You have run your samples through QIIME2. The denoising is done, the feature table exists, taxonomy has been assigned. You are now looking at hundreds of ASVs across dozens of samples — and the question that always follows is the same: what do I do with this now, and what are these numbers actually telling me about biology?
This is a guide through the downstream data processing using R — not a step-by-step tutorial, but the conceptual map of the analysis steps.

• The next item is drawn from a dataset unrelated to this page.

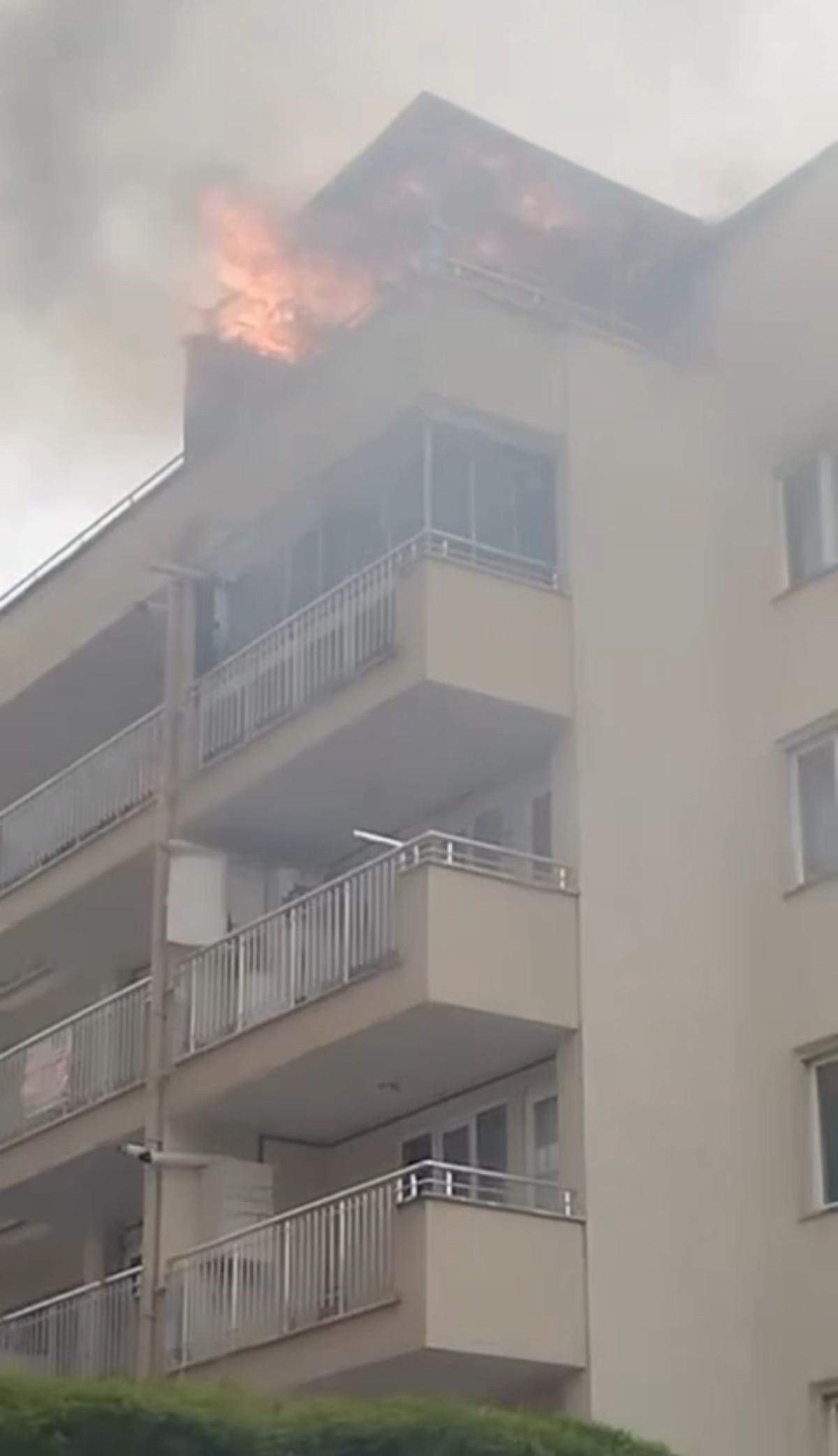 Bursa'nın Nilüfer ilçesindeki 5 katlı apartmanın çatı katında henüz belirlenemeyen bir nedenle yangın çıktı.

All figures in this guide were generated using the workflow on the Moving Pictures dataset (Caporaso et al. 2011). To run the workflow yourself, download the dataset files directly from the official QIIME2 tutorial page — they are free and always up to date: docs.qiime2.org/2024.10/tutorials/moving-pictures
Taxonomic composition in phyloseq: phylum-level profiling with ggplot2
Every investigation starts with a survey of the scene. Before any statistical test, the first question is compositional: which microbial phyla dominate, and does the pattern vary across groups? If it does not, everything downstream will be harder to interpret. If it does — as it almost always does across distinct body sites or conditions — you already have your first biological result.
The standard approach aggregates ASVs to phylum level, normalizes each sample to relative abundance, and displays the result as stacked bars. This visualization is intended to provide an initial overview of the community structure, allowing you to spot broad patterns between groups before moving to more granular statistical testing.